The lesson here is not simply the one the Sadducees sought – that marriage is not part of the resurrection future. But also that hope in the resurrection affects the way death contaminates our life now, our marriage now, our relationships now, our investments now, our care for non-human creation now, our determination to become somebody at all cost.

Jesus says the real power of hope comes not with surviving death, nor with continuing our memory and influence in this life. Real hope comes with the power of God.

And we only know what that really means by looking at what it meant for him. Jesus saw his life as a gift to be given… he went into the death-dealing world… the political back-stabbing conniving world, the insanely out of control world of public opinion… in agony over what he encountered and yet completely trusting in the deathless power of God. Every temptation, every possibility of dealing out death in turn, or of escaping from the enemy power of death was left behind. He stood in the place of death as a man whose only hope was in Abba and in resurrection and in the deathless power of God.

So does it matter what you believe about resurrection? I guess for a follower of Jesus it’s not what you say you believe, or even think you believe, it’s where your heart is in the face of the power of death.
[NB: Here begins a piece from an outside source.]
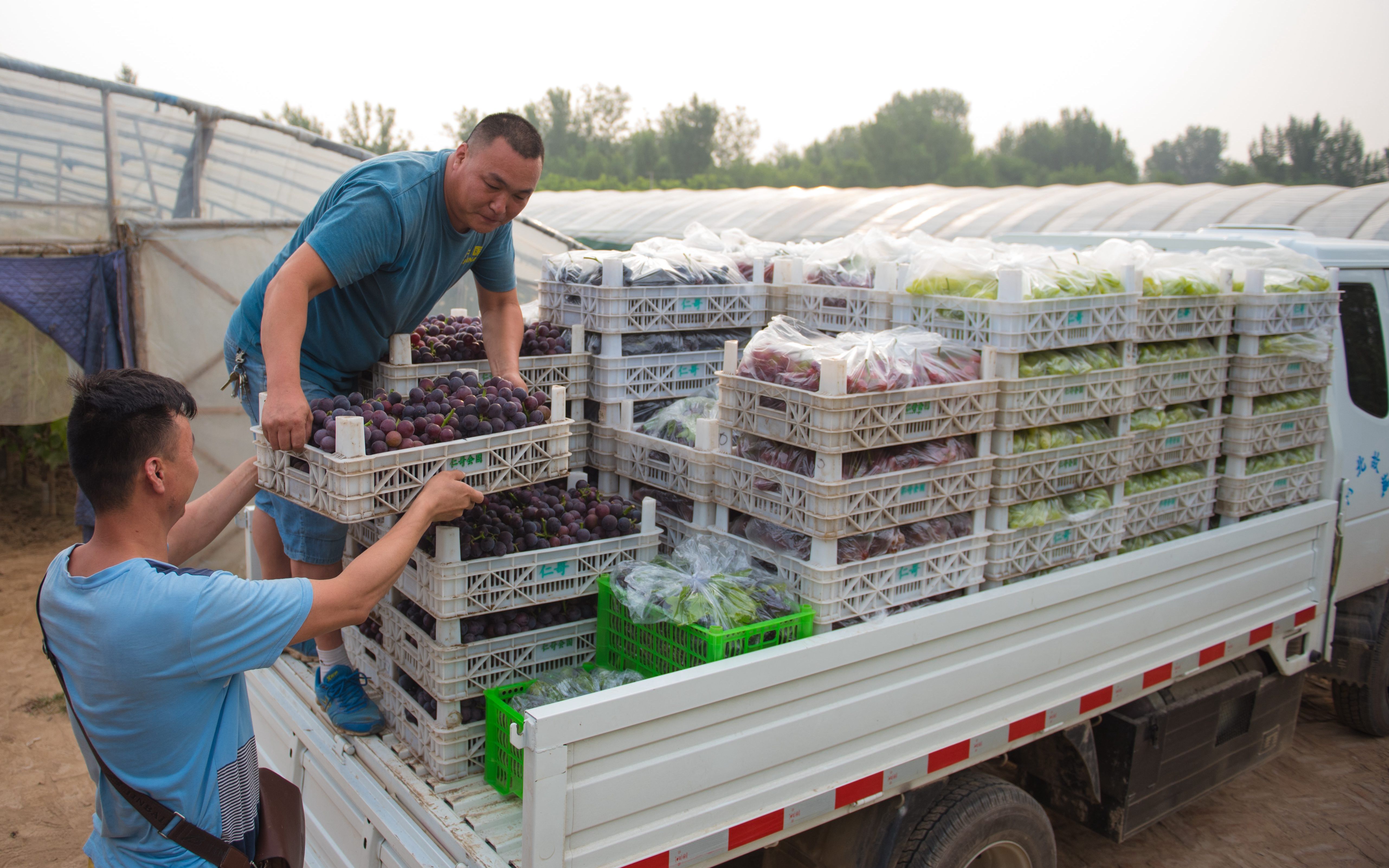 邵府村村民将葡萄搬运到水果商的收购车上

Which is why we find ourselves so desperately dependent on grace, on the Spirit that was in Jesus… not just for life after death, but for life before death also.

This Sermon is indebted to the remarkably creative theological reflections of James Alison and to another sermon by John Davies

2 Comments leave one →
  1. John permalink
    November 8, 2010 3:36 am

    The only and necessary price or way to live deathlessly is to fully understand the meaning & significance of death, because until then every minute dimension of ones being is saturated with a hell deep fear and trembling.